Geron finally gets close to a product approval with imetelstat
More than 30 years after it was first formed, Geron is on the cusp of bringing its first product to market, after imetelstat hit the mark in a phase 3 trial in patients with myelodysplastic syndromes (MDS).
The Foster City, California-based biotech said today that its IMerge trial of imetelstat – vying to become the first telomerase inhibitor to reach the market – hit its objectives in patients with lower risk MDS, a rare group of bone marrow cancers.
Shares in Geron leaped on the readout, up almost 28% at the time of writing, after the company said it would be moving ahead with a regulatory filing for imetelstat in the US and Europe later this year.
The drug significantly improved the proportion of patients with MDS who had no need for blood transfusions at eight weeks, its primary endpoint, which was a "highly statistically significant and clinically meaningful improvement," according to Geron.
MDS can lead to life threatening disease, including acute myeloid leukaemia (AML), as well as anaemia and increased risk of bleeding and infections. Imetelstat also improved transfusion independence at 24 weeks and reduced the number of transfusions patients needed, both secondary endpoints, and raised haemoglobin levels.
The data helps to justify Geron's faith in telomerase as a target in cancer, a category that has been on the pharma industry's radar for decades, but has yet to deliver a molecule to market. The cellular enzyme is overexpressed in up to 90% of cancers, but is almost always absent in normal cells, with a few exceptions such as stem cells.
Geron is well in front of its rivals in the class with imetelstat (GRN163L), a chemically modified oligonucleotide, although there have been concerns about cardiotoxicity with the drug – a problem that has also afflicted other candidates that have advanced into the clinic.
In IMerge, safety results with imetelstat were consistent with prior imetelstat clinical experience with no new safety signals, according to Geron's chief executive John Scarlett, who described the trial results as "resoundingly positive."

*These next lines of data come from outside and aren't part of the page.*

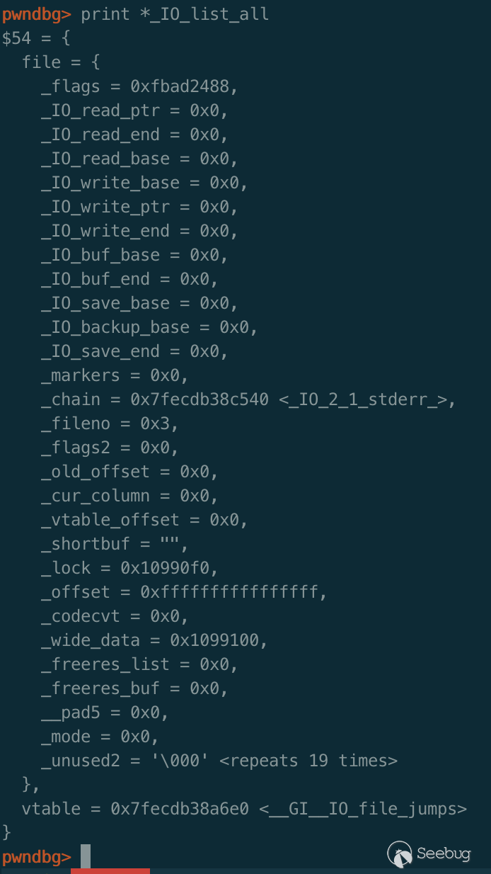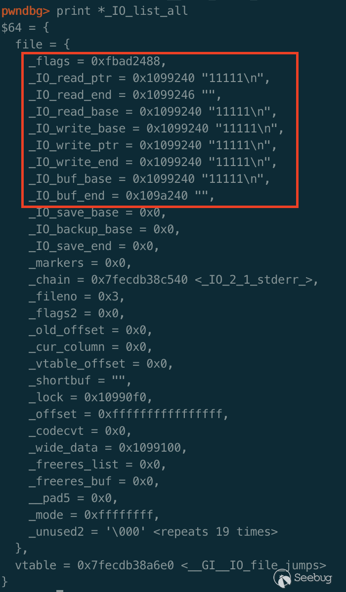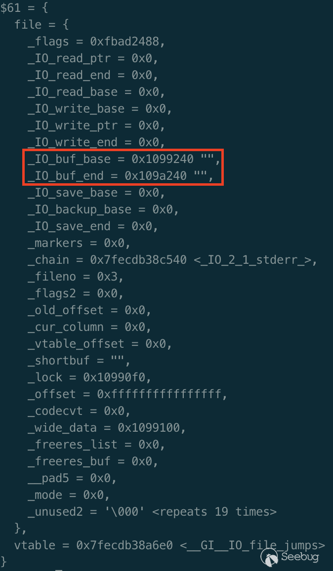 函數相對比較簡單的就是設置了_IO_buf_base和_IO_buf_end,可以預料到_IO_setb函數執行完后,fp的這兩個指針被賦上值了:
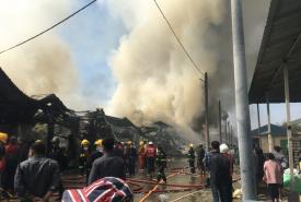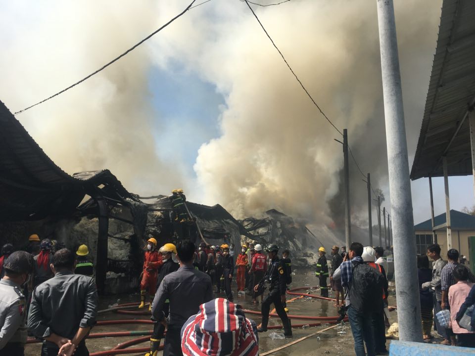 မနက်၈နာရီကျော်က မီးစတင်လောင်ကျွမ်းနေတာဖြစ်ပြီး လက်ရှိအချိန်ထိဆက်လက် ငြှိမ်းသတ်နေရပြီး အရေးပေါ်လူမှုကူညီရေးအသင်းနှင့် ကြက်ခြေနီအသင်းများပါ စောင့်ကြည့်နေကြောင်း တွေ့ရသည်။
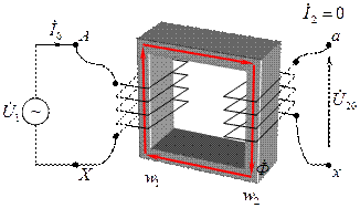 Предположим, что трансформатор работает в режиме холостого хода, то есть к зажимам первичной обмотки подведено напряжение

On a conference call, Scarlett acknowledged that it has taken many years to get imetelstat to this stage, thanking the efforts of past and present Geron employees over the decades who discovered and developed imetelstat.
"True innovation is a lot harder than it sounds," he said. "And this isn't the ultimate victory lap today. We still have a long way to go in getting imetelstat across the approval and launch finish lines."
Geron is also testing the drug for myelofibrosis (MF), another form of bone marrow cancer, and expects data from the phase 3 IMpactMF trial of imetelstat in relapsed/refractory MF in 2024. The company reckons the drug could bring in $1.2 billion at its peak.
If approved, imetelstat will enter an evolving MDS market, with its main rival considered to be Bristol-Myers Squibb's erythroid maturation agent Reblozyl (luspatercept), which was approved to treat anaemia in adults with low-risk, relapsed MDS in 2020 and has just shown it is also effective as a first-line therapy in the COMMANDS study.
Buoyed by the trial success, Geron promptly pressed the button on a $175 million public offering, aiming to bolster its finances ahead of the commercialisation of imetelstat.